Gel filtration of pure NMN deamidase from S. oneidensis and E. coli was carried out on a FPLC Superose 12 10/300 GL column (Amersham Biosciences) eluted with 10 mm potassium phosphate buffer, pH 7.0, 0.3 m NaCl, 1 mm DTT, at a flow rate of 0.5 ml/min. Bovine serum albumin (66 kDa), ovalbumin (45 kDa), and carbonic anhydrase (31 kDa) were used as the standards.
After SDS-PAGE of the final enzyme preparation, NMN deamidase was electroblotted onto a polyvinylidene difluoride membrane. Transfer was performed at 4 °C for 3 h, in 10 mm N-cyclohexyl-3-aminopropanesulfonic, pH 11.0, containing 10% methanol. After membrane staining with Coomassie Brilliant Blue R-250, the enzyme band was excised and subjected to N-terminal sequencing by automated Edman degradation on a Procise model 491 sequencer (Applied Biosystem, Foster City, CA).
Purified S. oneidensis MR-1 genomic DNA was amplified by PCR to generate DNA for cloning cinA into the BamHI and HindIII sites of pET-28c. The construct was sequence-verified for accuracy. The primers and plasmids used for cloning are listed in supplemental Table S1 and S2, respectively.
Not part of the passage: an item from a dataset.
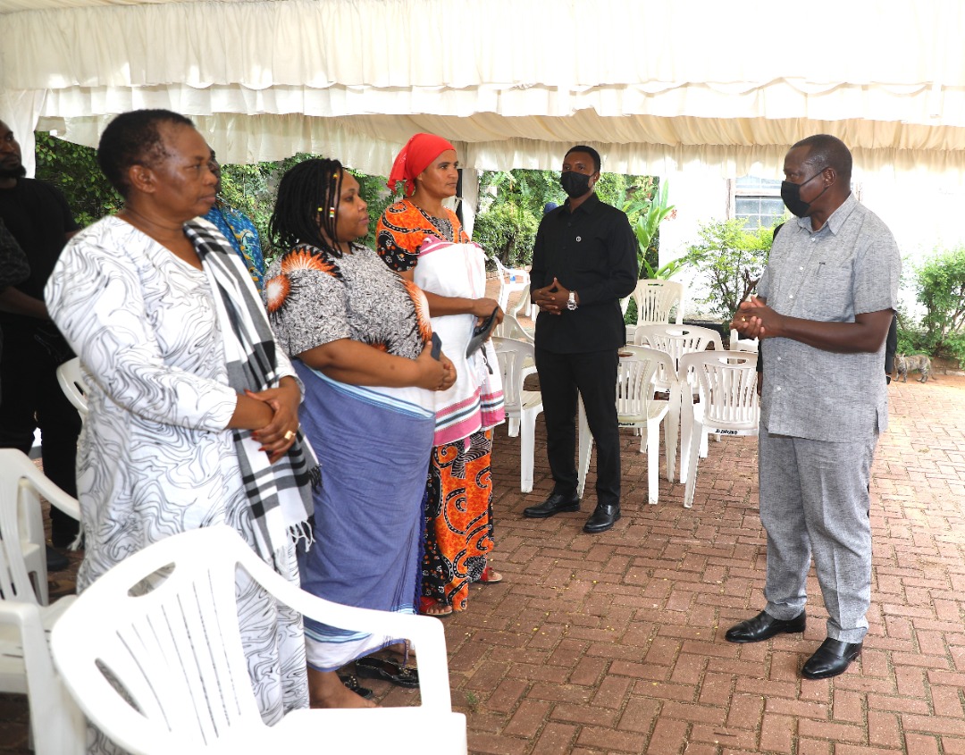 Makamu wa Rais wa Jamhuri ya Muungano wa Tanzania Dkt. Philip Mpango akizungumza na ndugu, jamaa na marafiki mbalimbali waliofika nyumbani kwa marehemu Askofu Mstaafu Gerald Mpango Boko Jijini Dar es salaam. Marehemu Askofu Mstaafu Gerald Mpango ni kaka wa Makamu wa Rais Dkt. Philip Mpango. Januari 20,2022.

For S. oneidensis CinA (SO0272) expression, the construct was used to transform E. coli BL21(DE3) cells. Expression of E. coli YgaD, YfaY, and YdeJ proteins was obtained by growing clones from E. coli ASKA library encoding the proteins of interest (24). The cells were grown at 37 °C in Luria Bertani medium supplemented with the appropriate antibiotic. After reaching an A600 of 0.3, the cultures were shifted at 20 °C, and expression was induced with 1 mm isopropyl β-d-thiogalactopyranoside at an A600 of 0.6. After 12 h of induction, the cells were harvested by centrifugation at 5.000 × g for 10 min. Recombinant proteins were purified to homogeneity by chromatography on a HisTrap HP column (Amersham Biosciences).
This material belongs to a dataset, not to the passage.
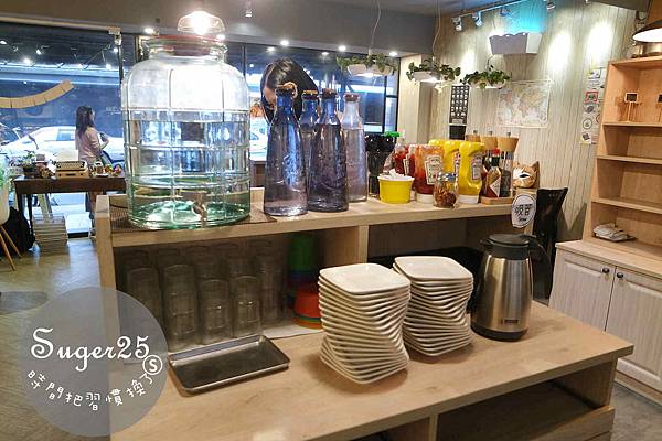 這裡不收服務費,採用自助式 裝水、拿餐具...等

In-frame deletion mutagenesis of nadA (SO2342), pncC (SO0272), and nadV (SO1981) was performed by two-stage homologous cross-over as described in Ref. 25 with minor modifications. Constructs for conducting mutagenesis were generated by PCR using primers 5-O with 5-I; 3-O with 3-I (supplemental Table S1) to generate DNA products that were subsequently joined and inserted in the SmaI site of pDS3.0. Double deletion mutants (nadA/pncC, nadA/nadV, and pncC/nadV) were generated by performing a second round of mutagenesis on previously generated single deletion mutants. Deletion of genomic DNA was validated by sequencing genomic PCR products generated by primers designated F-O and R-O (supplemental Table S1). The bacterial strains used are listed in supplemental Table S2.
Functional annotations of genes involved in NAD metabolism in the selected set of ~100 bacterial genomes were from the “NAD and NADP cofactor biosynthesis global” subsystem in The SEED genomic comparative genomic database (26). Multiple sequence alignments of protein sequences were produced by MUSCLE (27). The phylogenetic trees were constructed by the maximum likelihood method implemented in the PROML program of the PHYLIP package (28). The Protein Families database (Pfam) (29) was used to identify conserved functional domains.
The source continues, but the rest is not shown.